Material provided:
——————

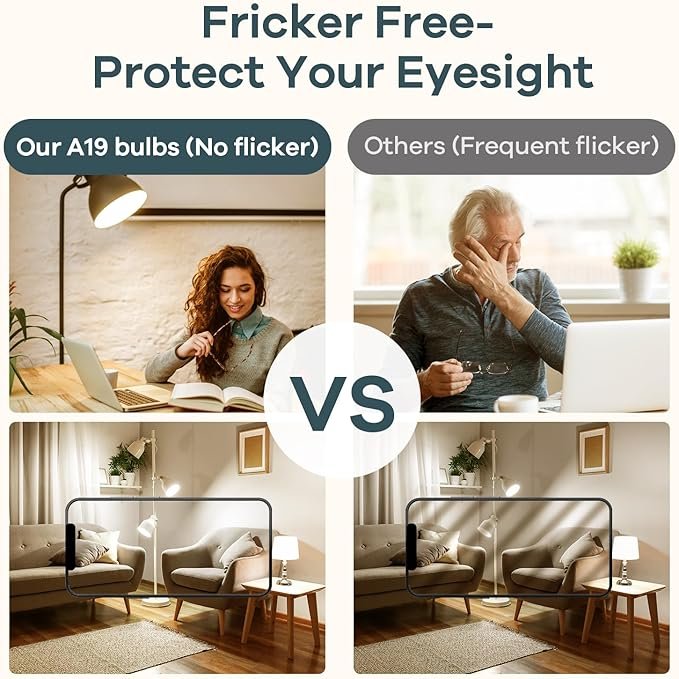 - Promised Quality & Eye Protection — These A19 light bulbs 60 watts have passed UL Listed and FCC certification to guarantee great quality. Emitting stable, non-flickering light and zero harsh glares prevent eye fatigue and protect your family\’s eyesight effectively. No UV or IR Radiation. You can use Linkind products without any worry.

——————

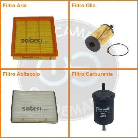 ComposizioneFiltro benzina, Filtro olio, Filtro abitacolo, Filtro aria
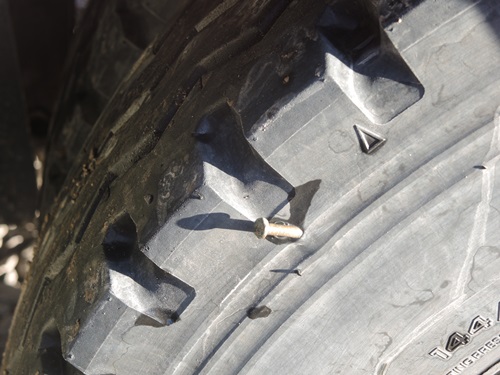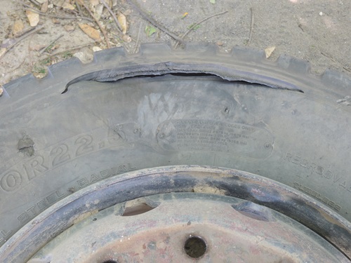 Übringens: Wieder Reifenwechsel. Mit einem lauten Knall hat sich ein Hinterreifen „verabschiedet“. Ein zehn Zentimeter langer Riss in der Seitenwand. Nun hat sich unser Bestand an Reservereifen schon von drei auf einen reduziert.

——————

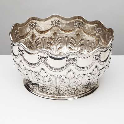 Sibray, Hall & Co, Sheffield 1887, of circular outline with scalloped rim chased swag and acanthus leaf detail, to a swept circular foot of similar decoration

——————

Return exactly the lines that appear in the data above between the line containing "ComposizioneFiltro benzina, Filtro" and the line containing "Übringens: Wieder Reifenwechsel.", both of which are included, and leave the pictures out.

Task response:
 ComposizioneFiltro benzina, Filtro olio, Filtro abitacolo, Filtro aria
 Übringens: Wieder Reifenwechsel. Mit einem lauten Knall hat sich ein Hinterreifen „verabschiedet“. Ein zehn Zentimeter langer Riss in der Seitenwand. Nun hat sich unser Bestand an Reservereifen schon von drei auf einen reduziert.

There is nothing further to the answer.